### THE TASK
Please copy, exactly as written, the span from the first line below to the line that contains "Partenaires communautaires du", including both, and skip the pictures.

*** Begin section ***

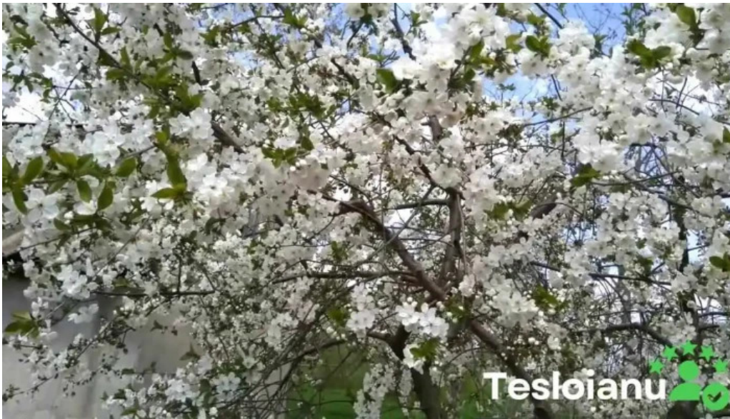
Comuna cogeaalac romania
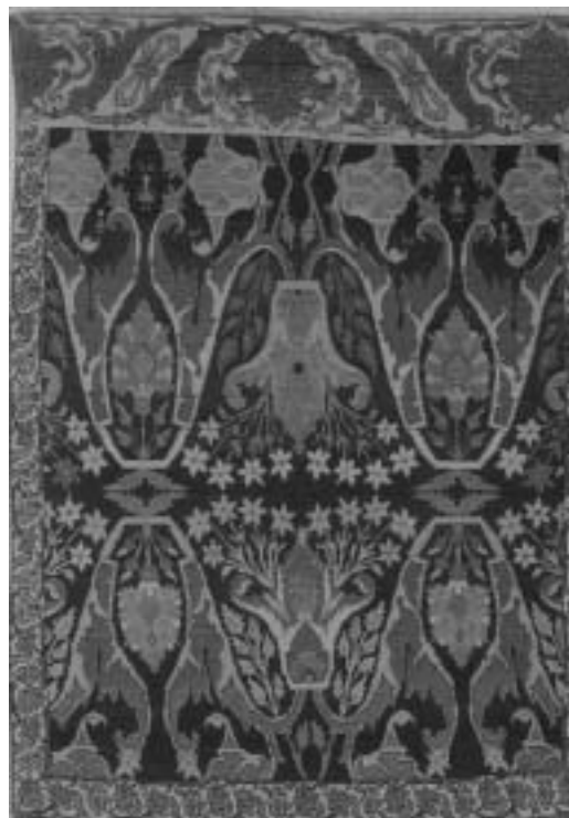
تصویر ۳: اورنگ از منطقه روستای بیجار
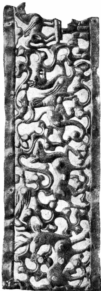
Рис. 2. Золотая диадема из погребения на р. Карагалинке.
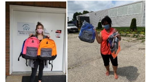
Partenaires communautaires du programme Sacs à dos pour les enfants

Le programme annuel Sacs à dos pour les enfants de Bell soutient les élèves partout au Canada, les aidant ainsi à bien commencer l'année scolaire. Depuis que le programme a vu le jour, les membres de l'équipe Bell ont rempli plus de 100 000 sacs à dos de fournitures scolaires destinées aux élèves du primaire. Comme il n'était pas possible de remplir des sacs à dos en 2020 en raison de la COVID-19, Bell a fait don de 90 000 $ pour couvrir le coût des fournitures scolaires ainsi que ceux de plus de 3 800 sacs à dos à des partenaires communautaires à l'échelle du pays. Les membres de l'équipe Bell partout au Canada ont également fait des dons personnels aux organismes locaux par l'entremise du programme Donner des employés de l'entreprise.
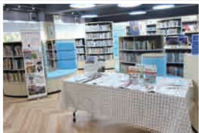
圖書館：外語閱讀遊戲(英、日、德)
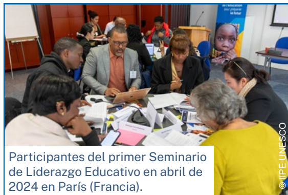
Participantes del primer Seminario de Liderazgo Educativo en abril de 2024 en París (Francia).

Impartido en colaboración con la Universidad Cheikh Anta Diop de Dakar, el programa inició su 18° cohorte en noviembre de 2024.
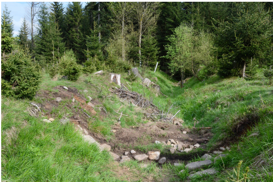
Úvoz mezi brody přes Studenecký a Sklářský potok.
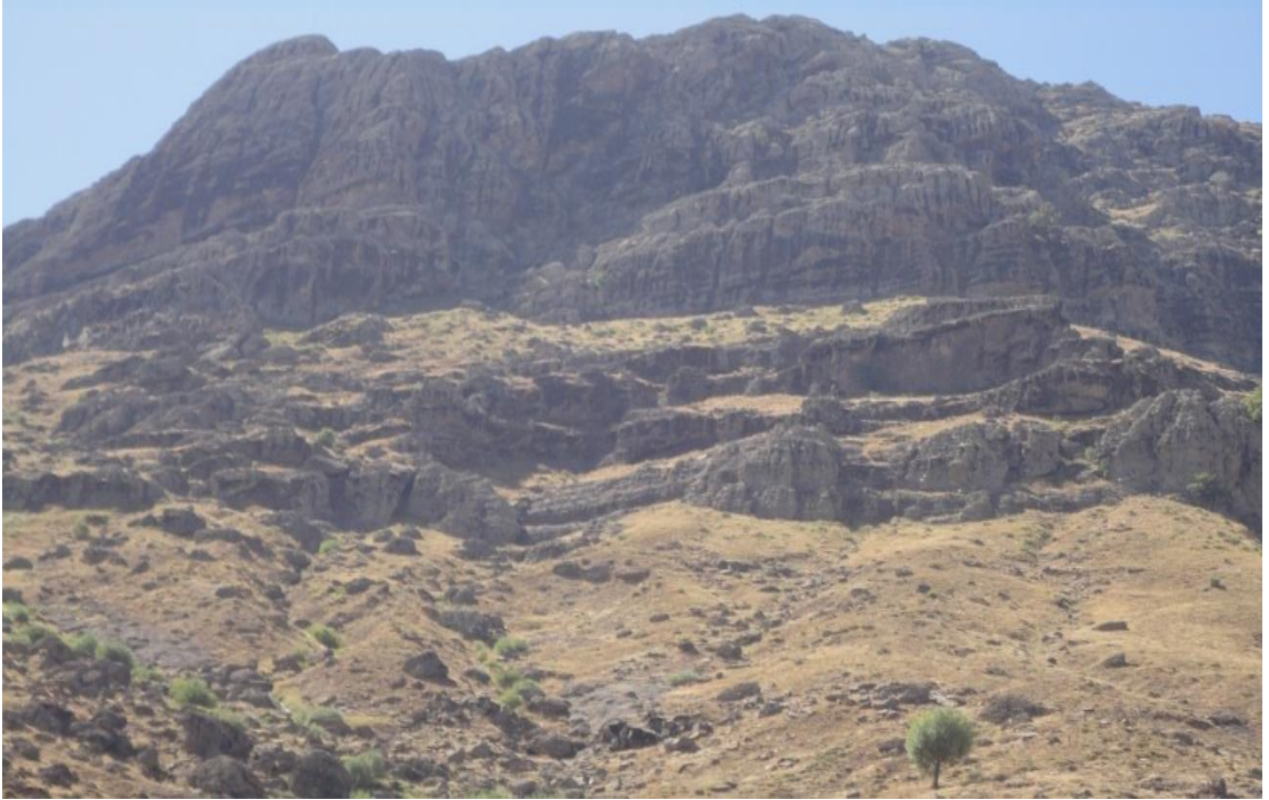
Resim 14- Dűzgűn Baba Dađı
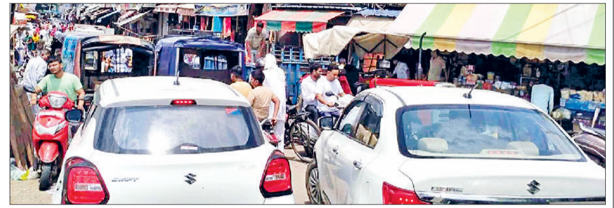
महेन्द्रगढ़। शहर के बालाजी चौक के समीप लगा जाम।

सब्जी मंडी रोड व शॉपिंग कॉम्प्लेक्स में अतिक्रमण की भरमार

*** End section ***

### RESULT OF THE EXERCISE
Comuna cogeaalac romania
تصویر ۳: اورنگ از منطقه روستای بیجار
Рис. 2. Золотая диадема из погребения на р. Карагалинке.
Partenaires communautaires du programme Sacs à dos pour les enfants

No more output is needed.